As someone who posts on social media regularly and keeps a certain aesthetic, Christopher Turner, a freshman at AUP from Texas, feels the pressures to keep his image up on social media. He explained, “I’m sort of worried that if I don’t keep this aesthetic, everyone back home will say, ‘I told you so.’” The pressure from social media is often reinforced by expectations from family and friends.
An AUP student from Panama City, Ana Sofia Camacho, doesn’t post too often on social media. Because of this, her adjustment to Paris was much different. Camacho primarily struggled with the loneliness of the city. She started focusing on her personal health and happiness instead of the pressures she feltfrom social media, ultimately deciding to post less and limit her time on the applications. Her loneliness grew into a feeling of independence and strength. She stated, “When it comes to being independent, you aren’t really aware of what that entails until you live it. The things that I thought were so easy before, like making my own food, taking care of myself, paying for myself, etc., turned out to be harder than I expected.” As the pressure to keep up an appearance slowly faded, it was easier to really take care of herself.

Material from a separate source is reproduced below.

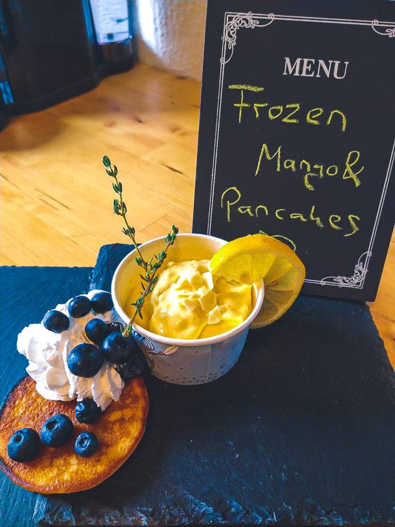 Auf Grund der neuerlichen, sommerlichen Temperaturen habe ich diesmal ein total simples aber ultra leckeres Rezept: Frozen Skyr mit Mango 🙂
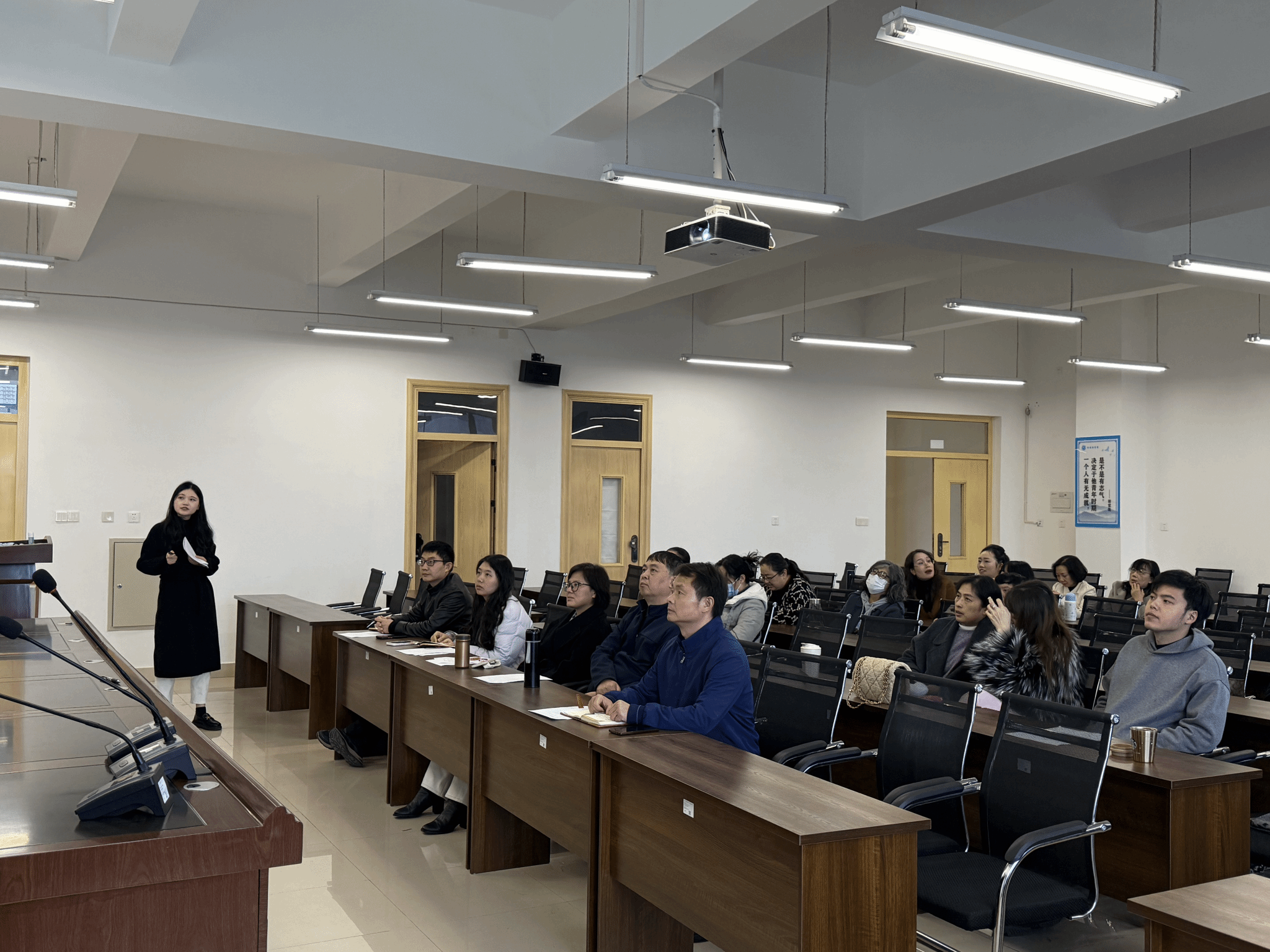 学院精心部署筹备工作,成立由党政领导、教学督导及教指委成员组成的评审委员会,科学制定评审细则,聚焦语言应用能力、跨文化交际素养及课程思政融入等核心要点,确保评审全程公平规范。通过多渠道宣传动员与一对一精准答疑,符合条件的青年教师实现全员参赛,覆盖英语、翻译、泰语及大学英语等多个教学领域,教龄结构兼顾新锐力量与骨干群体,尽显竞赛的广泛性与代表性。 竞赛现场,参赛教师以 “20 分钟无生上课” 同台竞技,课程涵盖专业核心课、选修课、公共基础课三大类别。老师们灵活运用多媒体、情境模拟等教学手段,将语言知识传授与综合素养培育深度融合,充分展现出扎实的专业功底与鲜明的教学风格。学院同步组织专任教师现场观摩互评,评委会当场打分点评,精准梳理共性问题、形成改进清单,构建起 “展示 - 点评 - 反思 - 提升” 的良性互动闭环。最终,邓萍、严婕、张莉 3 名青年教师脱颖而出,成功入围校级决赛。

It’s very easy to fall down the rabbit hole that is social media, and our decisions certainly are affected by what we see online. Social media made many of us believe that our time abroad was going to be easy, leading to disappointment when reality hits. Each one of us has felt like we had an image to uphold at some time, but none of us have anything to prove. The only thing that we can do while we’re abroad is to learn how to take care of ourselves as best as we can while connecting with wonderful people along the way.